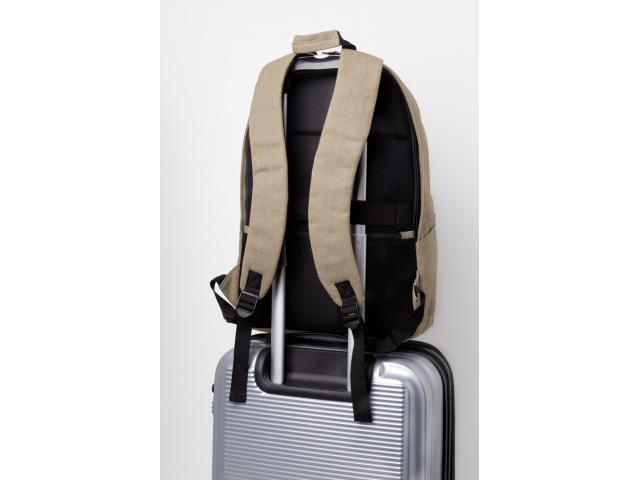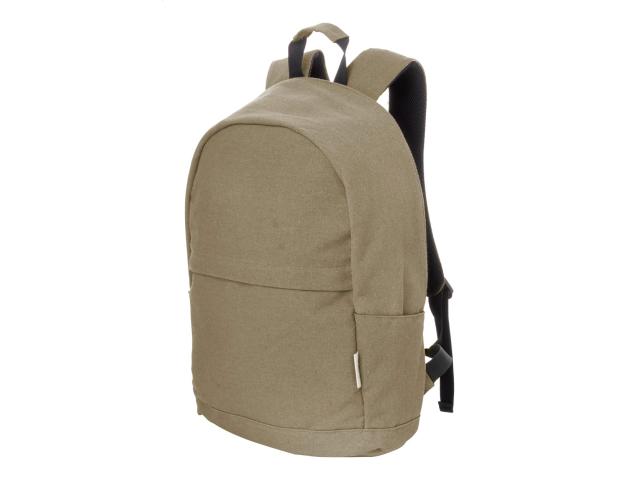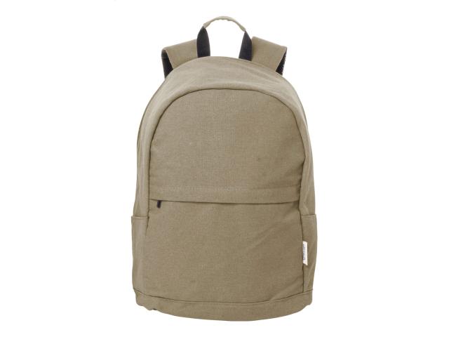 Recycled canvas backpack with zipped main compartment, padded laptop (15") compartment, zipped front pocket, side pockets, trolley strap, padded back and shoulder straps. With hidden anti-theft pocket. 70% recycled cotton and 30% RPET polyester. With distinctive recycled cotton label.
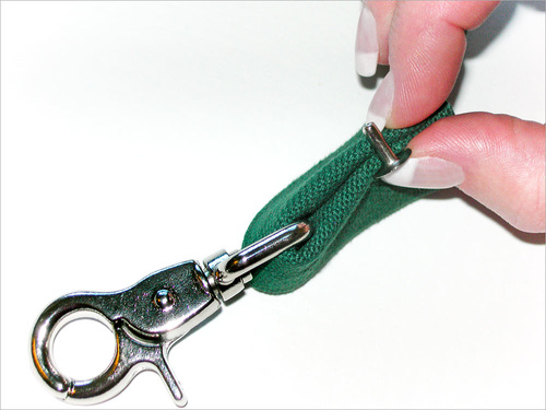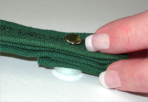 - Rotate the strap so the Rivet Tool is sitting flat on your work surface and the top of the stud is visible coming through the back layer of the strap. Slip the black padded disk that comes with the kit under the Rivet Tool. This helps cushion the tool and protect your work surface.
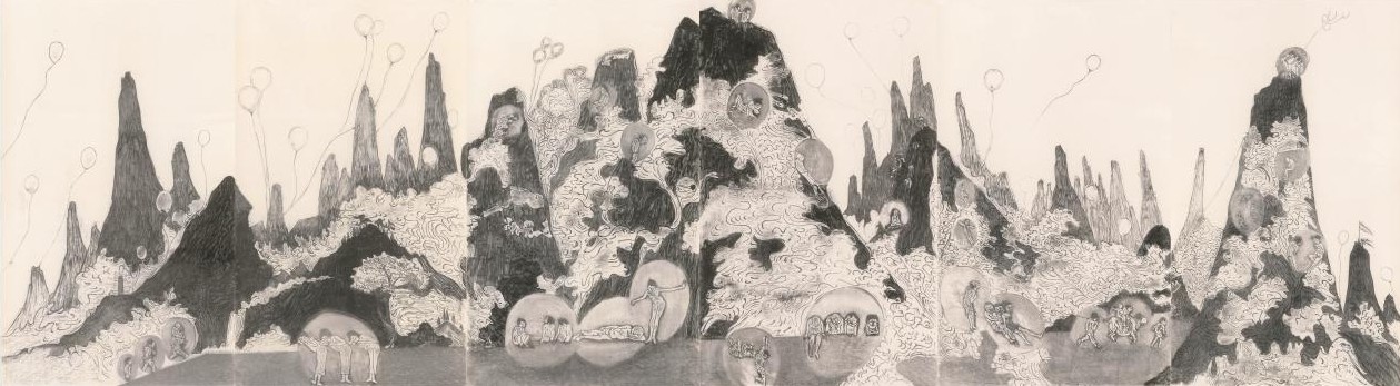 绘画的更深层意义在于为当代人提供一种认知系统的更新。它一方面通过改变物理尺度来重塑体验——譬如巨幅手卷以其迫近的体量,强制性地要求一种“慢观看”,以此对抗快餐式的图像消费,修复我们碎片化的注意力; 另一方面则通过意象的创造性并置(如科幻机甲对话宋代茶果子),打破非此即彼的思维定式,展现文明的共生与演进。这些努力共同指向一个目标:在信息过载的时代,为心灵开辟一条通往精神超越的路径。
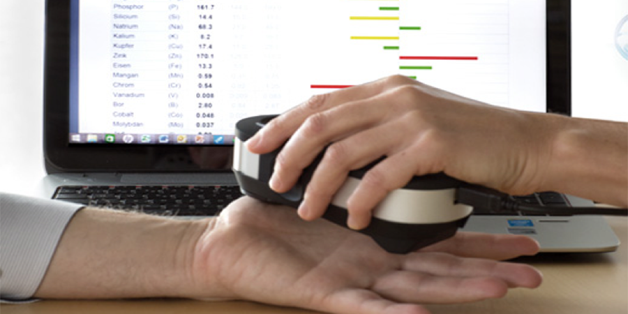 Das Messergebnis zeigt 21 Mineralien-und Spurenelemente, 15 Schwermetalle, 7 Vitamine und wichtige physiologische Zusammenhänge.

———

> _To do_
The answer should be the complete listing, set down exactly, without pictures.

> _Solution_
 Recycled canvas backpack with zipped main compartment, padded laptop (15") compartment, zipped front pocket, side pockets, trolley strap, padded back and shoulder straps. With hidden anti-theft pocket. 70% recycled cotton and 30% RPET polyester. With distinctive recycled cotton label.
 - Rotate the strap so the Rivet Tool is sitting flat on your work surface and the top of the stud is visible coming through the back layer of the strap. Slip the black padded disk that comes with the kit under the Rivet Tool. This helps cushion the tool and protect your work surface.
 绘画的更深层意义在于为当代人提供一种认知系统的更新。它一方面通过改变物理尺度来重塑体验——譬如巨幅手卷以其迫近的体量,强制性地要求一种“慢观看”,以此对抗快餐式的图像消费,修复我们碎片化的注意力; 另一方面则通过意象的创造性并置(如科幻机甲对话宋代茶果子),打破非此即彼的思维定式,展现文明的共生与演进。这些努力共同指向一个目标:在信息过载的时代,为心灵开辟一条通往精神超越的路径。
 Das Messergebnis zeigt 21 Mineralien-und Spurenelemente, 15 Schwermetalle, 7 Vitamine und wichtige physiologische Zusammenhänge.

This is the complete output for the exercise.